Yes, you read that right. The cheeky author of this very tongue-in-cheek book opens up to the young seminarian or recently ordained minister the true nature and character of church dynamics in an effort to help him get ahead in his career. The facetious thesis (say that ten times fast) of the book is that the secret to advancing in position, status, and salary in the church is to combine cutthroat secular leadership methods with a veneer of nonthreatening homespun piety. The trick is to view the church as an innately (and merely) human institution, then to cater to the felt needs of its members (i.e. keep ’em fat and happy), and finally to reap the hard-earned political winnings over the years. I laughed a lot as I was reading this book, but it also shook me up a bit: I realized that, humanly speaking, if a young minister were to do everything in that book, he probably would advance to a high position of leadership (if not salary) in the church. This, I think, is frightening.
The question in my mind is to what extent our style of leadership in the church should be any different from styles of leadership in any other human institution? To what degree can we as ordained and lay leaders of Christ’s body learn or borrow from the spheres of corporate management, marketing, the armed forces, or the political world of Washington D.C.?
There does appear to be some overlap. Many of the canons and techniques of leadership in the world around us simply reflect common sense, basic principles of human interaction grounded in the divine act of creation re-bolstered by common grace, principles which will apply equally for a small business and for a country parish. Just as someone who has the spiritual gift (charisma) of teaching in the church probably also has natural gifts in teaching other things in other places, so natural gifts and principles of leadership may yield dividends when put to use in, for and through the church.

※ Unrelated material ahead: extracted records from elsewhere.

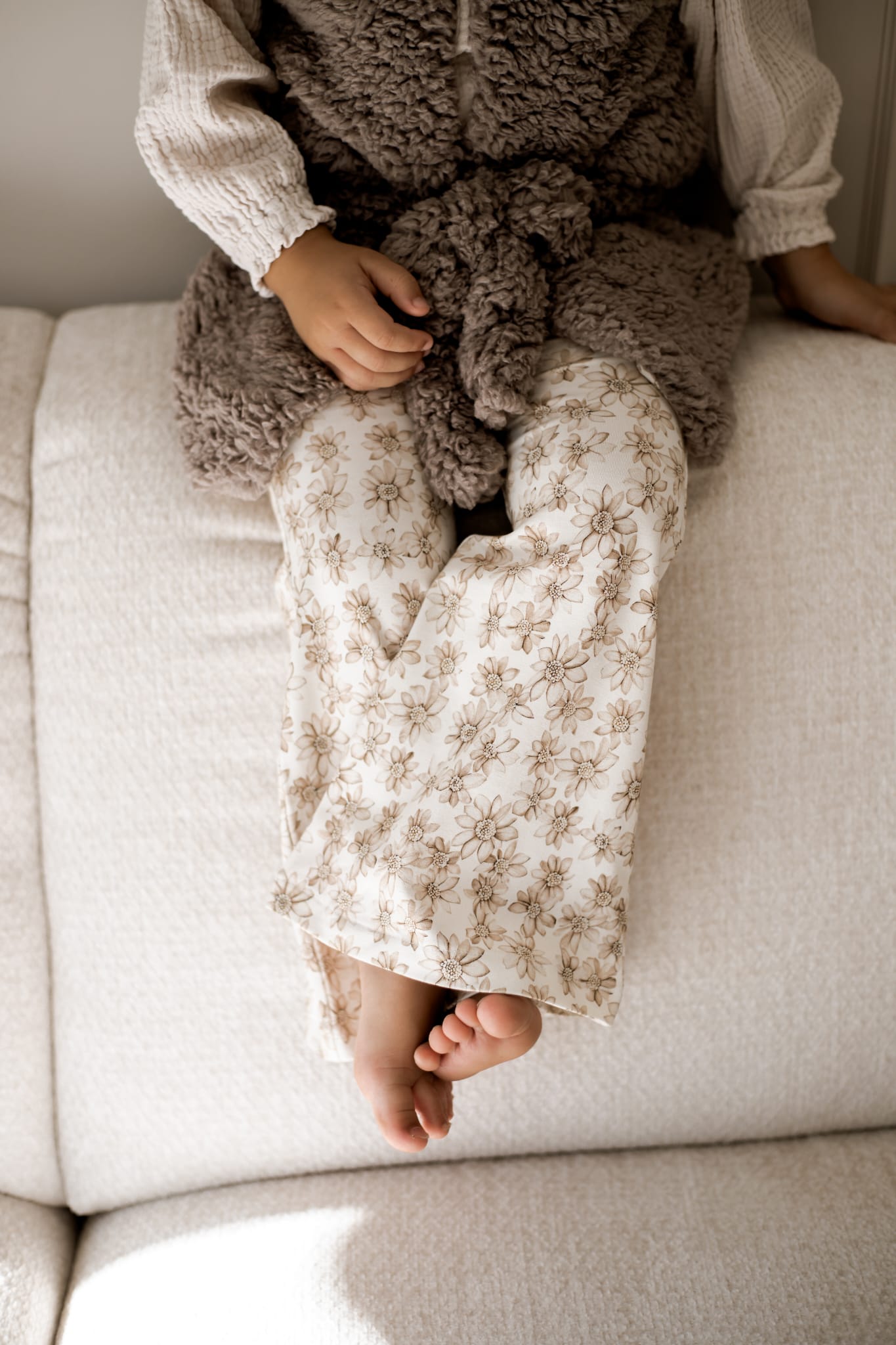 De broekjes hebben uitlopende pijpen vanaf de knieën en een zachte elastische tailleband,
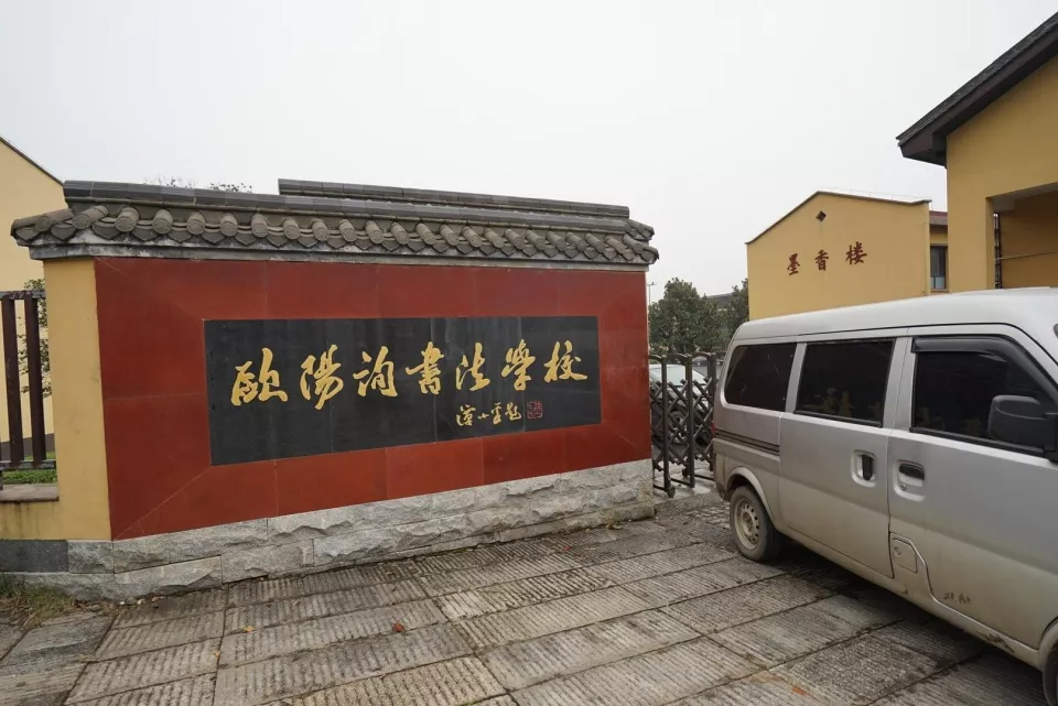 文化園內(nèi)共有五道門,書法小鎮(zhèn)的東門忠勇門外,還有書香門、厚德門、尚孝門和集賢門,每個(gè)門都有它的來歷。穿過書香門,忽然聞到朗朗讀書聲,原來這里還有一所“歐陽詢書法學(xué)?!?。導(dǎo)游介紹,這所學(xué)校即“書堂山中學(xué)”,是一所以書法教學(xué)為特色的全日制中學(xué),也培養(yǎng)走出過不少書法人才。
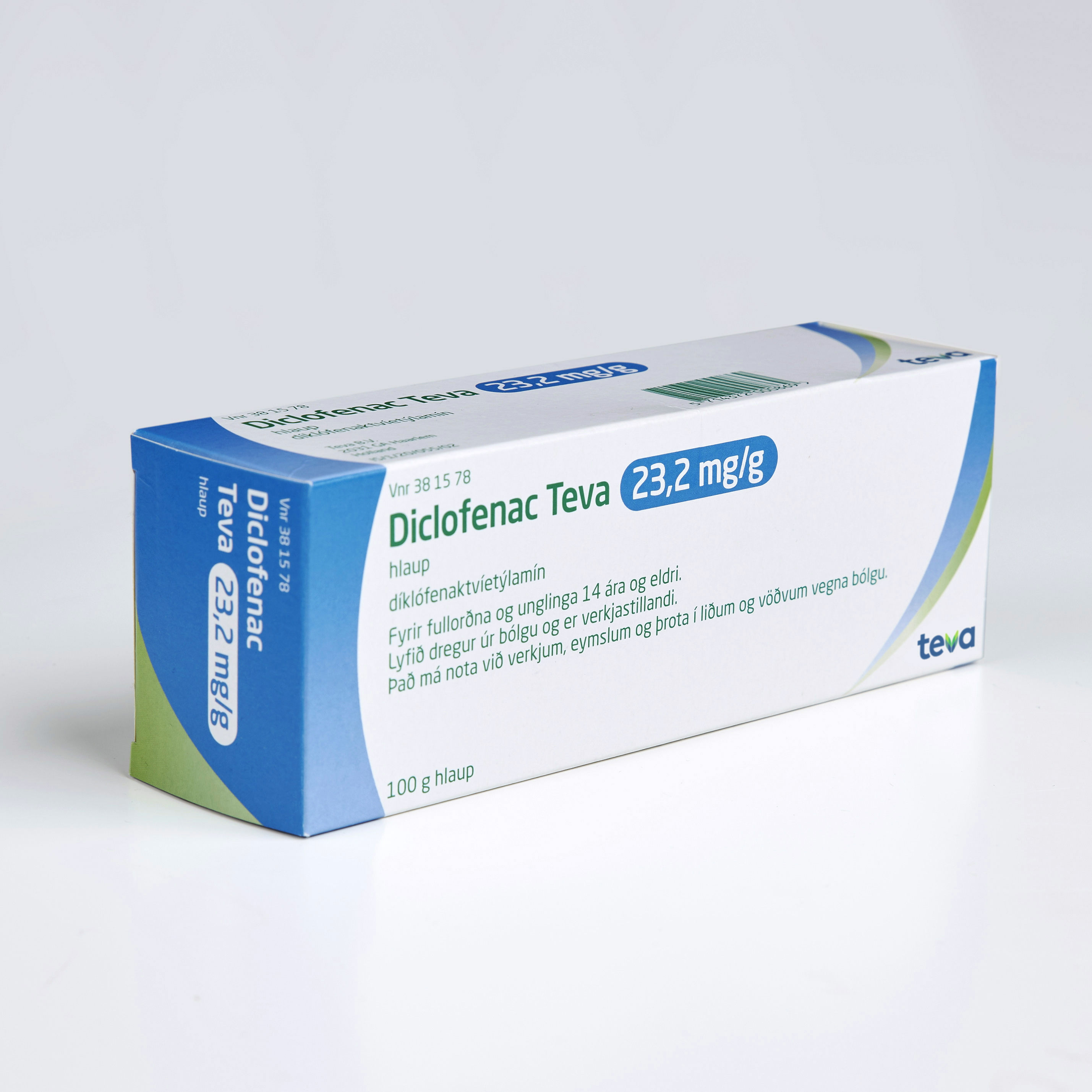 Diclofenac Teva er notað útvortis við verkjum, eymslum og þrota í liðum og vöðvum vegna bólgu. Kynnið ykkur notkunarleiðbeiningar, varnaðarorð og frábendingar áður en lyfið er notað. Lesið vandlega upplýsingar á umbúðum og fylgiseðli fyrir notkun lyfsins. Leitið til læknis eða lyfjafræðings sé þörf á frekari upplýsingum um áhættu og aukaverkanir. Sjá nánari upplýsingar um lyfið á www.serlyfjaskra.is Markaðsleyfishafi Teva B.V. Umboðsaðili er Teva Pharma Iceland ehf

For this reason, as I read How to Become a Bishop, I was struck by the fact that many of his suggestions were truly good advice, even if they were for entirely the wrong reason.
However, I think we must do better. The Apostle Paul, whilst upbraiding the Corinthians for their unseemly divisions, warned them against being “merely human.” Likewise, Dietrich Bonhoeffer, the German pastor and martyr, cautioned in Life Together that there is a difference between human community and spiritual community, and that genuine spiritual community is always a gift given by grace through Christ’s death on the cross. The redeemed community is and will be different from all other human communities, and its leaders can and must be different from all other leaders. The title of a book by John Piper puts it rather well: Brothers We Are Not Professionals.
We must be on guard to put the grace of our Lord Jesus front and center in our leadership as in our churches. It is crucial that leaders in the church have a desperate dependence on the living God who alone can grant what he has promised. As lay and ordained leaders we must ingest and digest the words of Jesus to the Apostle Paul, “My grace is sufficient for you, for my power is made perfect in weakness.” We must depend upon the gift of this grace for and in the our lives; in fact, we must boast of it, because it is the same grace that powerfully creates and constructs that spiritual community, a community to which God has given us leaders as a gift.
And that kind of leadership, which boasts in its own weakness and in the weakness of the cross, will in fact begin to look rather like that of the God-Man himself, who went to that very cross for us. The more we depend upon and rest in the grace of God “who took the nature of a servant,” the more “that same mind” will be in us as leaders. As servant-leaders we may not advance in position, or in status, or least of all in salary, but we wait for our reward in heaven where Christ is seated: a crown of glory for those who have run the race set before them.
I have not quite found the line marking the balance in all of this, but I am running the risk of overthinking the matter of leadership, and the hour tells me I must go put it into practice. Sola gratia, my friends!